For the data below, transcribe the part that opens with the line containing "Stoffet er crincle-vævet" and closes with the line containing "2010年4月26日,进京接", exactly and with no pictures.
─── Data listing
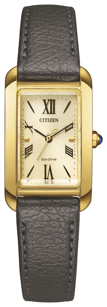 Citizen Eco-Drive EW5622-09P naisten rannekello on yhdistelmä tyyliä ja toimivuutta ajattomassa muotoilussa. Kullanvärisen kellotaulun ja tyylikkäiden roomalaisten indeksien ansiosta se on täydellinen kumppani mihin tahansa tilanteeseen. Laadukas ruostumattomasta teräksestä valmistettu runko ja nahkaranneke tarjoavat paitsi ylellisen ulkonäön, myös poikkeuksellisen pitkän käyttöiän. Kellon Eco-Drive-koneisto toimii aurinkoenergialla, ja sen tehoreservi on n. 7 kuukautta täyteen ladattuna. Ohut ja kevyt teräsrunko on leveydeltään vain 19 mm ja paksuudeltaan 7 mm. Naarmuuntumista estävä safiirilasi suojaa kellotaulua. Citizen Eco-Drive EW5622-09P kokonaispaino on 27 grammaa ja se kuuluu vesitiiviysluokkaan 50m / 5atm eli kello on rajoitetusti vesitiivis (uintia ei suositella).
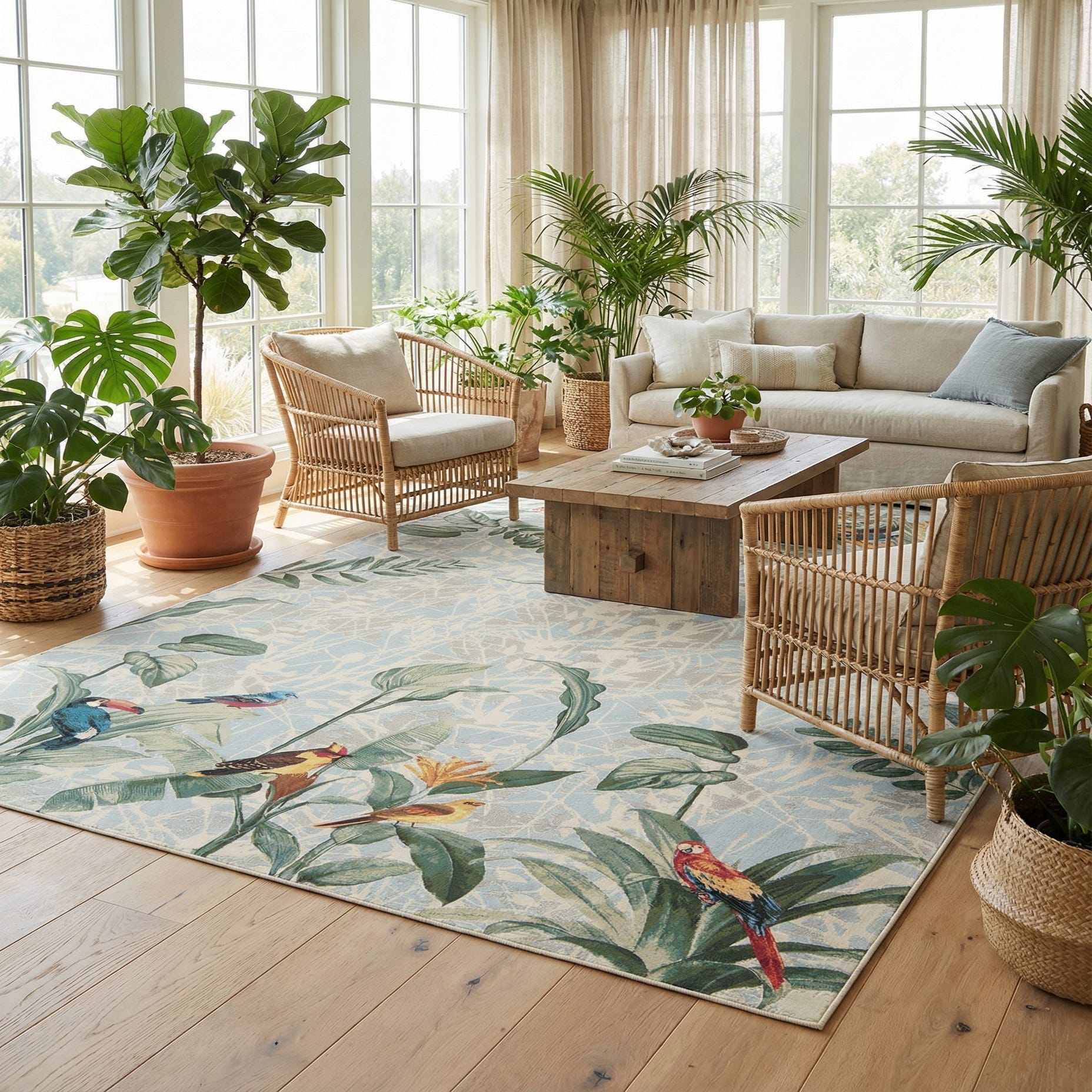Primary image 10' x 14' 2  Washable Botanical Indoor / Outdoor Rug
──────
─── Data listing
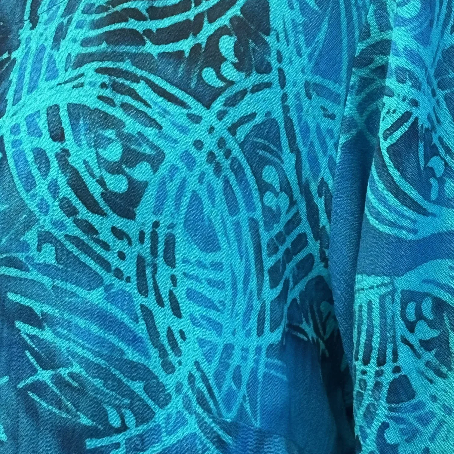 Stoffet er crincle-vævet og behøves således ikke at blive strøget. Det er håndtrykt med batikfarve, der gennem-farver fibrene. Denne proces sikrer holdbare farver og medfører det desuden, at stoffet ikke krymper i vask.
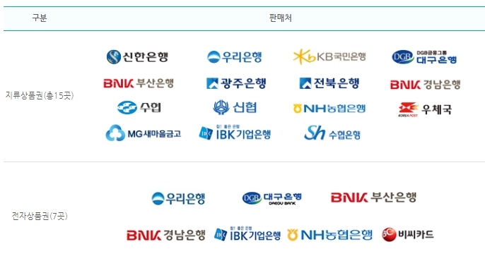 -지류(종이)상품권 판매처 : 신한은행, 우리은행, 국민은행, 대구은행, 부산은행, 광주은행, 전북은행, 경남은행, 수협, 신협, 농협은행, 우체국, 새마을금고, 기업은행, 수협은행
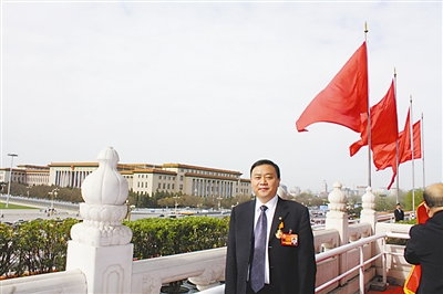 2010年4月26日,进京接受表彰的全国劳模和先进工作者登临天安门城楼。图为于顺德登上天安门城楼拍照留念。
──────
Solution to this exercise:
 Stoffet er crincle-vævet og behøves således ikke at blive strøget. Det er håndtrykt med batikfarve, der gennem-farver fibrene. Denne proces sikrer holdbare farver og medfører det desuden, at stoffet ikke krymper i vask.
 -지류(종이)상품권 판매처 : 신한은행, 우리은행, 국민은행, 대구은행, 부산은행, 광주은행, 전북은행, 경남은행, 수협, 신협, 농협은행, 우체국, 새마을금고, 기업은행, 수협은행
 2010年4月26日,进京接受表彰的全国劳模和先进工作者登临天安门城楼。图为于顺德登上天安门城楼拍照留念。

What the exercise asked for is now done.